A Procedure for Developing Risk-Based Reference Doses

Reference doses (RfDs) for toxic substances based on a no observed adverse effect level (NOAEL) or lowest observed adverse effect level (LOAEL) are established to restrict human exposures to only nontoxic or minimally toxic levels. In order to calculate a risk-based RfD, for the point of departure it is necessary to replace a NOAEL or LOAEL by a benchmark dose (BMD) estimated to be associated with a specified level of estimable risk in or near the low end of an experimental dose range.

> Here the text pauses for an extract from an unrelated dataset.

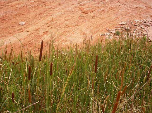 It was kind of amazing to me to see these cattails in the midst of all the rock and sand. It was a very bold contrast with all the rock. And somehow it even made me feel a few degrees cooler. |

Then the RfD is calculated by dividing the BMD by a series of uncertainty factors. Among these uncertainty factors is one for interindividual sensitivity, typically assigned a value of 10. If information is available on interindividual sensitivity, this default factor can be replaced with a factor expected to provide protection for a specified proportion of a population. Examination of published databases suggests interindividual effects often to be approximately log-normal. For example, in order to illustrate the procedure for establishing a risk-based RfD, a standard deviation of the logarithm (base e) of individual sensitivity of 1.7 was selected, i.e., a factor of 5.5. This value is near the upper range of values reported in the literature (D. Hattis et al., 1999, in Characterizing Human Variability in the Risk Assessment Process, ILSI Press, Washington, DC). Using this information in combination with an RfD based on a benchmark dose associated with a specified level of risk, the risk at the RfD can be estimated. For example, a benchmark dose associated with a risk of 10% divided by 60, to account for interindividual variation, is expected to limit risk at the RfD to about 1 in 10,000. If the standard deviation of the logarithm (base e) of individual sensitivity is 1.2, a more typical value, the divisor is approximately 20. These would replace an RfD having an unknown risk based on the LOAEL divided by 100. Or, an RfD with a specified level of risk could be estimated. The estimate of risk can be improved for a specific case by replacing an overall estimate of the standard deviation for interindividual variability by an estimate of the standard deviation for a particular class of chemicals and/or biological endpoint, if available. Risks can be substantially lower for smaller values of interindividual variability. Determination of an RfD still would require an additional uncertainty factor for animal to human extrapolation.